No. 1 With A Bullet #1 Review


Bullet the Blue Sky

Written by: Jacob Semahn
Art by: Jorge Corona
Colors: Jen Hickman
Publisher: Image Comics
Reviewed by: Andrew McAvoy 


Sometimes comic books just capture the zeitgeist. Everything about No.1 With a Bullet appears on the crest of a cultural wave. Jorge Corona's modern style, Jen Hickman's colorful palette and Steve Wand's design layout, just grab you by the lapels and drag you into this contemporary book, while Semahn's story challenges readers, as well as the technological environment we inhabit. With a cover page and title that just beg you to read, lets see what makes this so special.





I must confess to being fascinated by the ideas in this book. The premise centres around Nash Huang a social media junkie who has obtained low level celeb status as assistant to Jad Davies. They work on spearheading the iRis Shutter contact lens as it hits the market. The latest leap forward in “technological progress,” these contacts are the must have technological accessory to get your hands on.


The book tackles the technological and moral questions of our time, using the concept of celebrity to show how a blend of social media access and interaction, and use of augmented reality can be used to profile, manipulate, and ultimately expose us. As one of the text boxes in the early pages tells us, these days, "privacy means fuck all when there's something juicy in the end".

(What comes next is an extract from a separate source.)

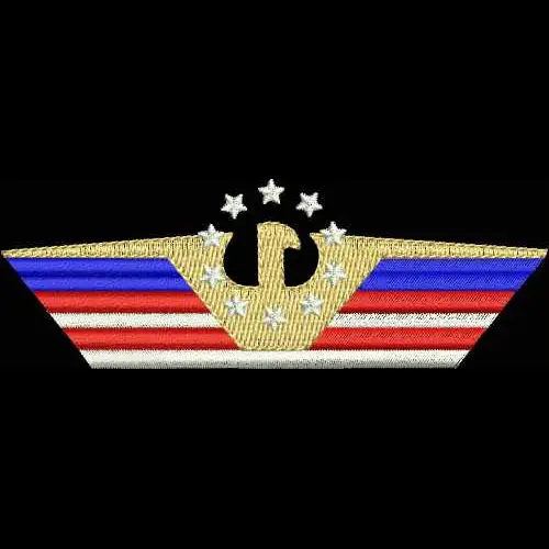 This digital machine embroidery design features a stylized emblem featuring a central bold shape surrounded by stars and stripes in red, white, and blue colors. Available for 4X4 hoops.

The twist with this book is that the iRis contact lenses allow the user to, in the words of Jad Davies, not only "record, replay, and relieve...but now recreate reality". And there's the rub; the mixture of recording and recreating form the basis of this first issue, and leave us thinking about debates around the recent i-cloud hacking, as well as touching on some of the issues (considered in another great contemporary comic Infinite Loop: Nothing but the Truth) around the increasing competition between the virtual world and the real world (and who could blame people for wanting to escape the real world). Add in the iRis contact lenses ability to record what you see, and you have the perfect blend for a study of the perils of technology and the challenges it poses.

Bits and Pieces:

The cliffhanger of this issue handles some big themes around the increasingly dominant role in technology and blends them together with a witty plot and characters, some very stylish artwork, and a beautiful layout. You can keep your virtual reality contact lenses; I'm happy to escape to my comic books when they are this good.